• _Exercise details_
Copy the data that follows, character for character, minus the pictures.

• • • • • • •

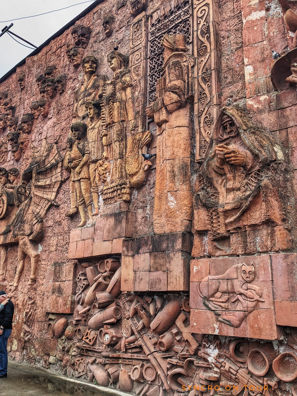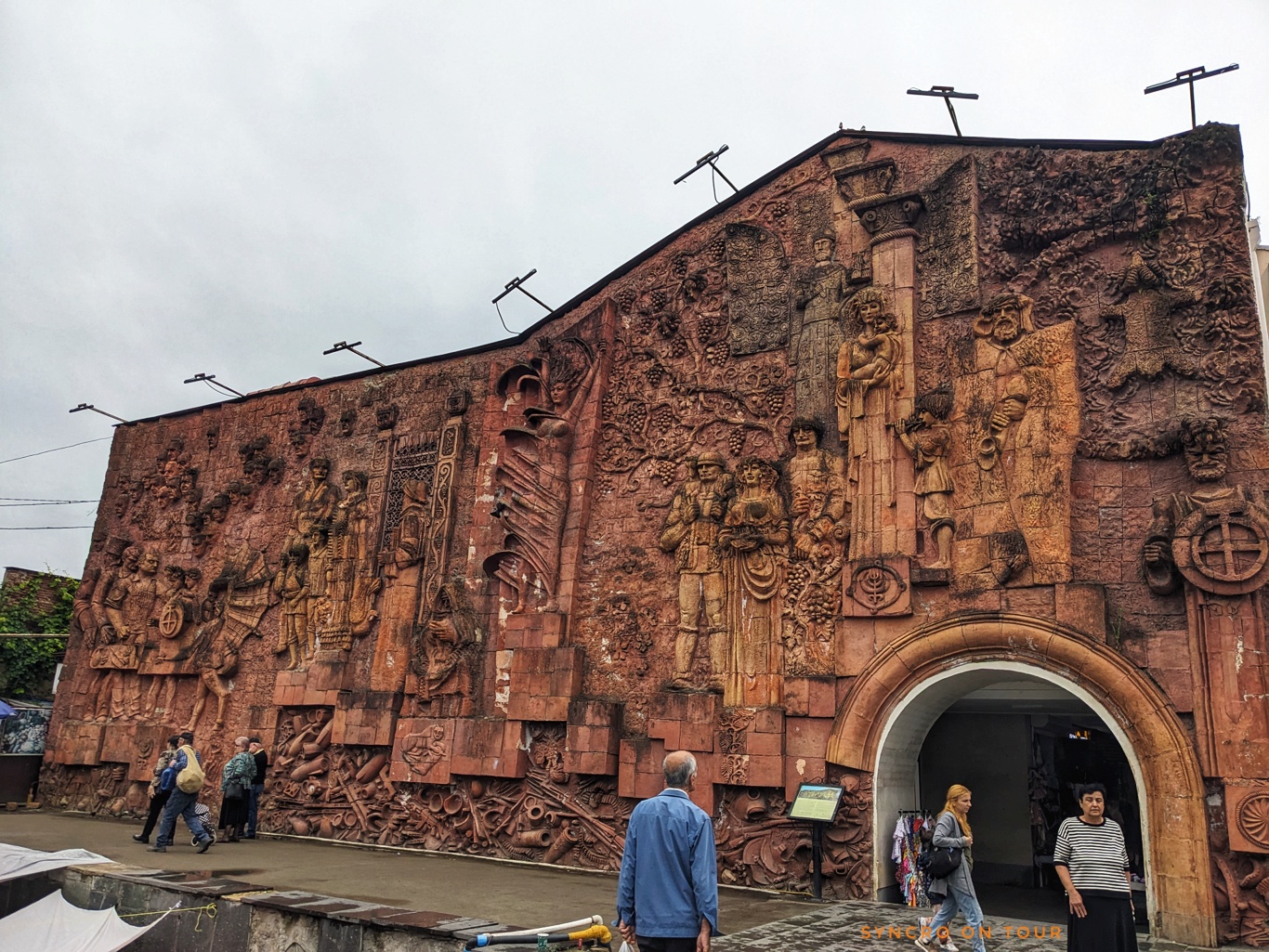 Als wir zur verspäteten Mittagspause wieder in unserem Bus sitzen, schauen Pavel, Iris, Sibille und Rüdiger übers Tor. Sie sind gerade erst angekommen und haben ihre Dickschiffe auf einem Parkplatz in der Nähe geparkt. Sie wollen jetzt die Stadt erkunden. Wir verabreden uns für den Abend im nahegelegenen Restaurant. Das wird der Abschied von Pavel und Iris, die wegen eines Problems an der Lenkung zu einer Vertragswerkstatt nach Trabzon in der Türkei fahren müssen. Danach werden sie zurück nach Deutschland fahren. Sibille und Rüdiger fahren morgen Richtung Ushguli. Vielleicht sehen wir uns dort noch einmal.
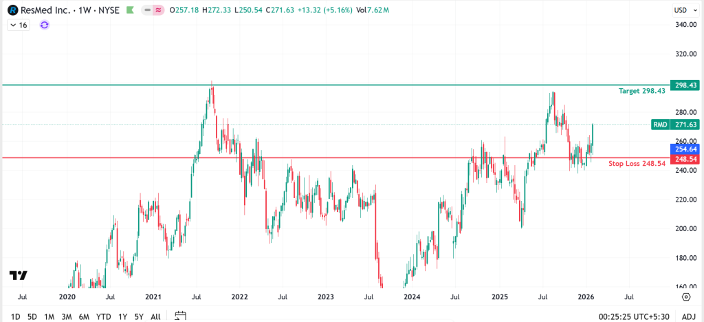 Here are remaining four stock recommendations for this week: Resmed Inc (RMD), United Airlines Holdings (UAL), Universal Health Services (UHS), and Ventas, Inc (VTR). I think these stocks are looking good and could soon hit their all-time highs and keep climbing higher. Check out the images below for the target and stop-loss info for each of these stocks!
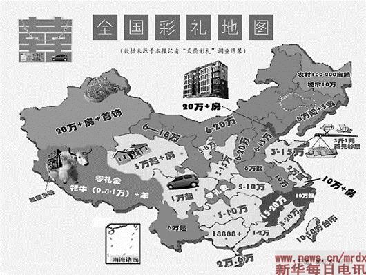 媒體記者基于調(diào)查而繪制的新版《全國(guó)彩禮地圖》,直觀地反映出全國(guó)彩禮分布情況的顯著特征——“西部高東部低,山村高城郊低”。在河南、山東、貴州、陜西、甘肅等地,更表現(xiàn)出“越是貧困地區(qū),越出現(xiàn)高價(jià)彩禮”的特點(diǎn)。從某種程度上說(shuō),彩禮地圖的高低分布,基本上契合了當(dāng)?shù)亟?jīng)濟(jì)發(fā)展水平,即彩禮金額的多少與當(dāng)?shù)鼐用袢司芍涫杖氪笾鲁史幢。結(jié)婚要不要收彩禮,要收多少彩禮,也與當(dāng)?shù)啬信壤姆植记闆r相關(guān),男女比例相差越懸殊,男多女少的局面越嚴(yán)重,“天價(jià)彩禮”之風(fēng)越惡劣。反之,如果男女比例相差不大,分布均衡,則彩禮現(xiàn)象也鮮有容身之地。
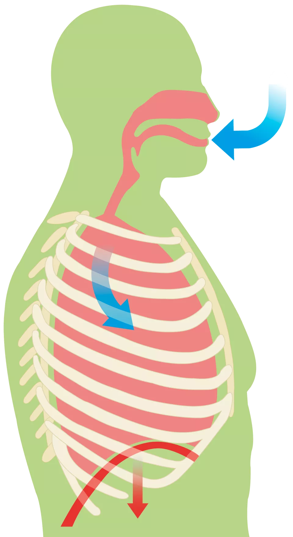 Setelah melewati hidung atau mulut, udara masuk ke faring (tenggorokan), lalu ke laring (pipa suara). Laring berfungsi sebagai penghubung antara faring dan trakea.
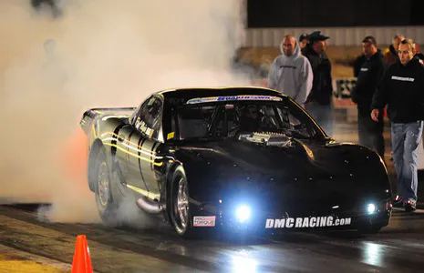 On Friday evening, the final car down the race track as Outlaw Drag Radial standout Paul Major, whose Corvette had just undergone some turbo relocation work at DMC Racing in the days prior to Shakedown.
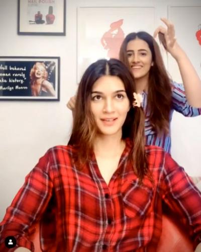 हाल ही में एक्ट्रेस कृति की बहन नुपुर सेनन ने एक विडियो पोस्ट किया है, जिसमें वो कृति को हेयर कट देती हुई नजर आ रही हैं। (फोटो: इंस्टाग्राम)
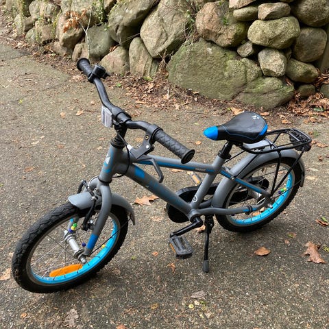 Kildemoes - Bikerz børnecykel med 16" hjul i sort og grøn. Cyklen har bagagebærer, støtteben og kædeskærm. Den er udstyret med reflekser, og cyklen har faste skærme foran og bagpå. Sadel og styr kan justeres i højden, så cyklen kan tilpasses barnets størrelse.
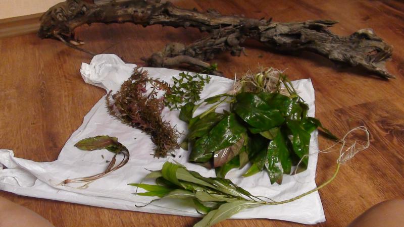 Растения: крипты, папоротник, моноселениум, еще какой-то мох на коряге, не попавший на фото, похож на яванский
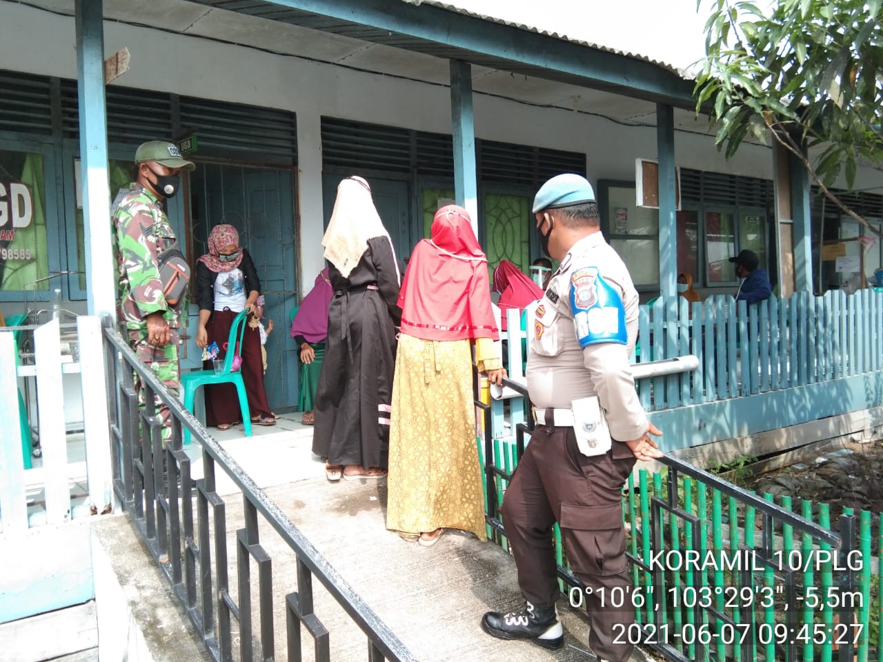 SERIBUPARITNEWS.COM,PELANGIRAN - Babinsa Koramil 10/Pelangiran Kodim 0314/Inhil  Serka Sugianto melaksanakan kegiatan pengawasan penyuntikan vaksin kepada lansia,pelayan publik dan masyarakat Senin (07/06/2021)

• • • • • • •

• _Answer box_
 Als wir zur verspäteten Mittagspause wieder in unserem Bus sitzen, schauen Pavel, Iris, Sibille und Rüdiger übers Tor. Sie sind gerade erst angekommen und haben ihre Dickschiffe auf einem Parkplatz in der Nähe geparkt. Sie wollen jetzt die Stadt erkunden. Wir verabreden uns für den Abend im nahegelegenen Restaurant. Das wird der Abschied von Pavel und Iris, die wegen eines Problems an der Lenkung zu einer Vertragswerkstatt nach Trabzon in der Türkei fahren müssen. Danach werden sie zurück nach Deutschland fahren. Sibille und Rüdiger fahren morgen Richtung Ushguli. Vielleicht sehen wir uns dort noch einmal.
 Here are remaining four stock recommendations for this week: Resmed Inc (RMD), United Airlines Holdings (UAL), Universal Health Services (UHS), and Ventas, Inc (VTR). I think these stocks are looking good and could soon hit their all-time highs and keep climbing higher. Check out the images below for the target and stop-loss info for each of these stocks!
 媒體記者基于調(diào)查而繪制的新版《全國(guó)彩禮地圖》,直觀地反映出全國(guó)彩禮分布情況的顯著特征——“西部高東部低,山村高城郊低”。在河南、山東、貴州、陜西、甘肅等地,更表現(xiàn)出“越是貧困地區(qū),越出現(xiàn)高價(jià)彩禮”的特點(diǎn)。從某種程度上說(shuō),彩禮地圖的高低分布,基本上契合了當(dāng)?shù)亟?jīng)濟(jì)發(fā)展水平,即彩禮金額的多少與當(dāng)?shù)鼐用袢司芍涫杖氪笾鲁史幢。結(jié)婚要不要收彩禮,要收多少彩禮,也與當(dāng)?shù)啬信壤姆植记闆r相關(guān),男女比例相差越懸殊,男多女少的局面越嚴(yán)重,“天價(jià)彩禮”之風(fēng)越惡劣。反之,如果男女比例相差不大,分布均衡,則彩禮現(xiàn)象也鮮有容身之地。
 Setelah melewati hidung atau mulut, udara masuk ke faring (tenggorokan), lalu ke laring (pipa suara). Laring berfungsi sebagai penghubung antara faring dan trakea.
 On Friday evening, the final car down the race track as Outlaw Drag Radial standout Paul Major, whose Corvette had just undergone some turbo relocation work at DMC Racing in the days prior to Shakedown.
 हाल ही में एक्ट्रेस कृति की बहन नुपुर सेनन ने एक विडियो पोस्ट किया है, जिसमें वो कृति को हेयर कट देती हुई नजर आ रही हैं। (फोटो: इंस्टाग्राम)
 Kildemoes - Bikerz børnecykel med 16" hjul i sort og grøn. Cyklen har bagagebærer, støtteben og kædeskærm. Den er udstyret med reflekser, og cyklen har faste skærme foran og bagpå. Sadel og styr kan justeres i højden, så cyklen kan tilpasses barnets størrelse.
 Растения: крипты, папоротник, моноселениум, еще какой-то мох на коряге, не попавший на фото, похож на яванский
 SERIBUPARITNEWS.COM,PELANGIRAN - Babinsa Koramil 10/Pelangiran Kodim 0314/Inhil  Serka Sugianto melaksanakan kegiatan pengawasan penyuntikan vaksin kepada lansia,pelayan publik dan masyarakat Senin (07/06/2021)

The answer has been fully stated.